I’m leaving you here son I sadly replied
But I will be back right away
But when I returned to the attic I found
The chips and the shaving were there as before
The little boy lie on his bed
Whith tears on his face and his hands at his side
The poor little fellow was deadA picture of mother lay close to his heart
A faint little note by his head
As I oppened [sic] the pages, my eyes filled with tears
For these were the words that it said
I’m hiding with Jesus who I’ll always be by
And my mother who I love, oh so well
And thank you dear mister for your kindness and **** [ILLEGIBLE]
And now it’s alright if you tell
Dylan’s transcription of of “The Drunkard’s Son” appeared in the August-September, 1992 edition of ISIS, which dated the manuscript circa 1952-’55, making the young Bob Zimmerman somewhere between 11 and 14. Although I don’t have a copy of that magazine at hand, commentary on the Web suggests that the transcription was first thought – just like “Little Buddy” – to be a very early example of a Dylan attempt at songwriting, or more accurately poetry, apparently used by the young Bobby Zimmerman to woo a girl he was sweet on
After the manuscript was published, someone eventually pointed out that the young Zimmerman’s “Drunkard’s Son,” was actually Hank Snow’s “Drunkard’s Son,” almost exactly paralleling the “Little Buddy” story.
In 1993 the Dylan fanzine Isis had published the text of a ‘poem’, written in Bob Zimmerman’s own hand, the original of which had been posted by an unnamed hand to the fanzine’s editor, Derek Barker.
This ‘poem’ was a mournful tale narrated as if by a scared boy in hiding to avoid being beaten by his drunkard father. Five issues later, reader John Roberts wrote in to say that he had found an album on the cheap RCA Camden label, dated 1962, titled The One and Only Hank Snow, and risked wasting his 75p on this unknown music because of its inclusion of a song, credited to Hank Snow’s original name, Clarence E. Snow, titled ‘The Drunkard’s Son’ and handily summarised in the sleeve notes as ‘the mournful tale of a scared boy in hiding to avoid being beaten by his drunkard father.’ Yes indeed.

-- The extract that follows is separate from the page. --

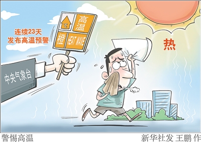 中央气象台首席预报员陈涛介绍,7月下旬以来,长江中下游地区等地出现范围较大、强度较强的高温天气。8月12日,中央气象台发布今年首个高温红色预警;截至13日,中央气象台已连续24天发布高温预警。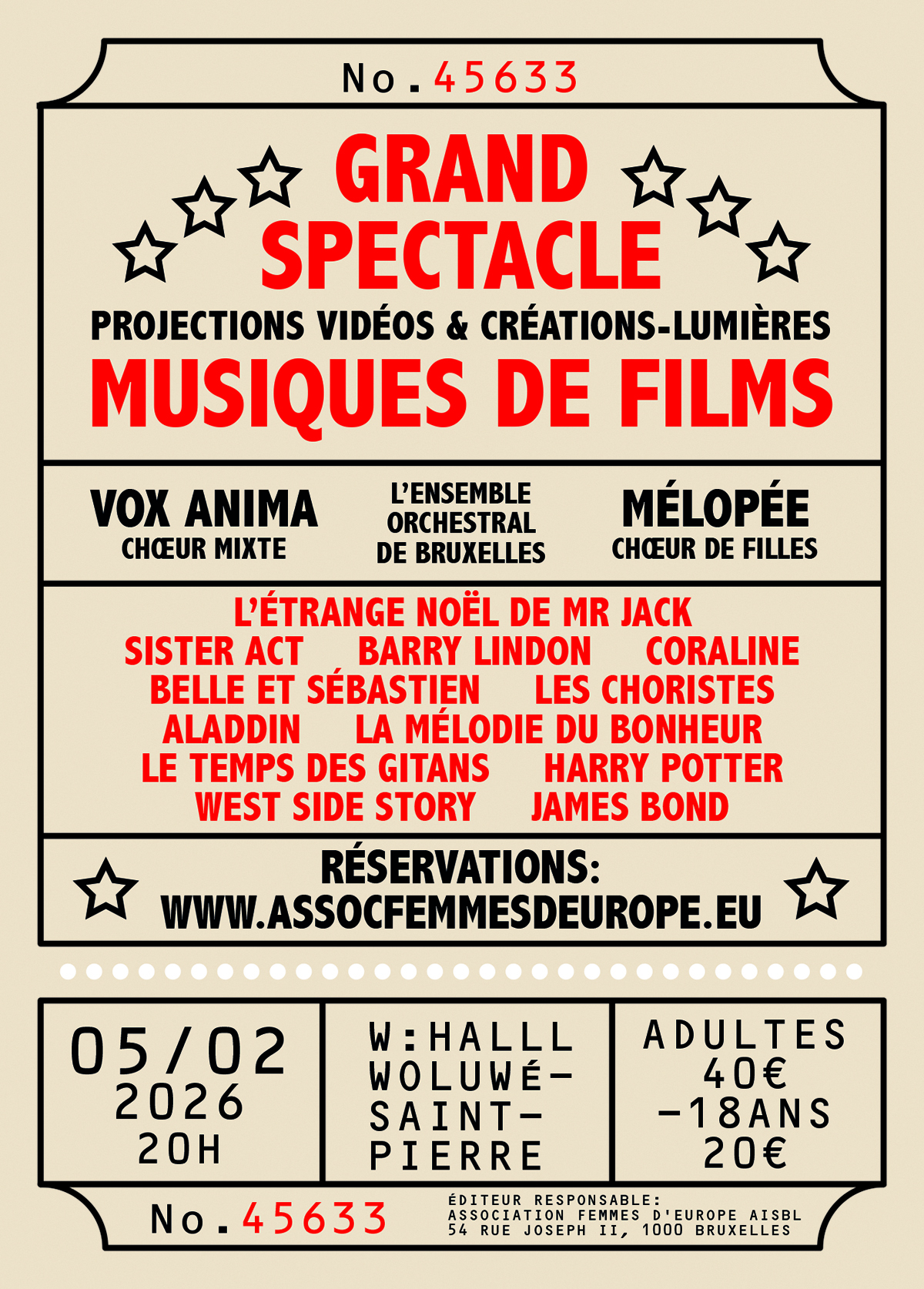 Την Πέμπτη 5 Φεβρουαρίου 2026, το W:Hall – Centre Culturel de Woluwe-Saint-Pierre μετατρέπεται σε μια μεγάλη κινηματογραφική σκηνή και υποδέχεται ένα εντυπωσιακό μουσικό γεγονός αφιερωμένο στις πιο αγαπημένες μουσικές του κινηματογράφου. Οι Irish and Multinational Groups προσκαλούν το κοινό σε ένα Grand Spectacle de Musiques de Films, ένα πολυδιάστατο θέαμα που συνδυάζει ζωντανή μουσική, προβολές βίντεο και ειδικούς φωτισμούς.

As Roberts nicely observes, if the ‘Zimmerman Transcript’ is authentic, which now seems established, it is a ‘truly unique document—the first evidence we have of Bob’s plagiarism!’ Ironically, it’s an example of Snow’s plagiarism, too. Look back at the Jimmie Rodgers catalogue, and there, recorded in Atlanta in 1929, is Rodgers’ ‘A Drunkard’s Child’.

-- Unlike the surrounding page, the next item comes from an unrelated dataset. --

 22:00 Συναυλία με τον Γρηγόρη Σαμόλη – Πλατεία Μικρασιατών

Perhaps it was still in Hank Snow’s repertoire when Dylan, in his youth, was in the audience for his show at the Veterans Memorial Building, Hibbing. Dylan mentions this in Chronicles Volume One—and a few pages later writes that before he encountered Woody Guthrie, when Hank Williams had been his ‘favorite songwriter’, Hank Snow had been ‘a close second’.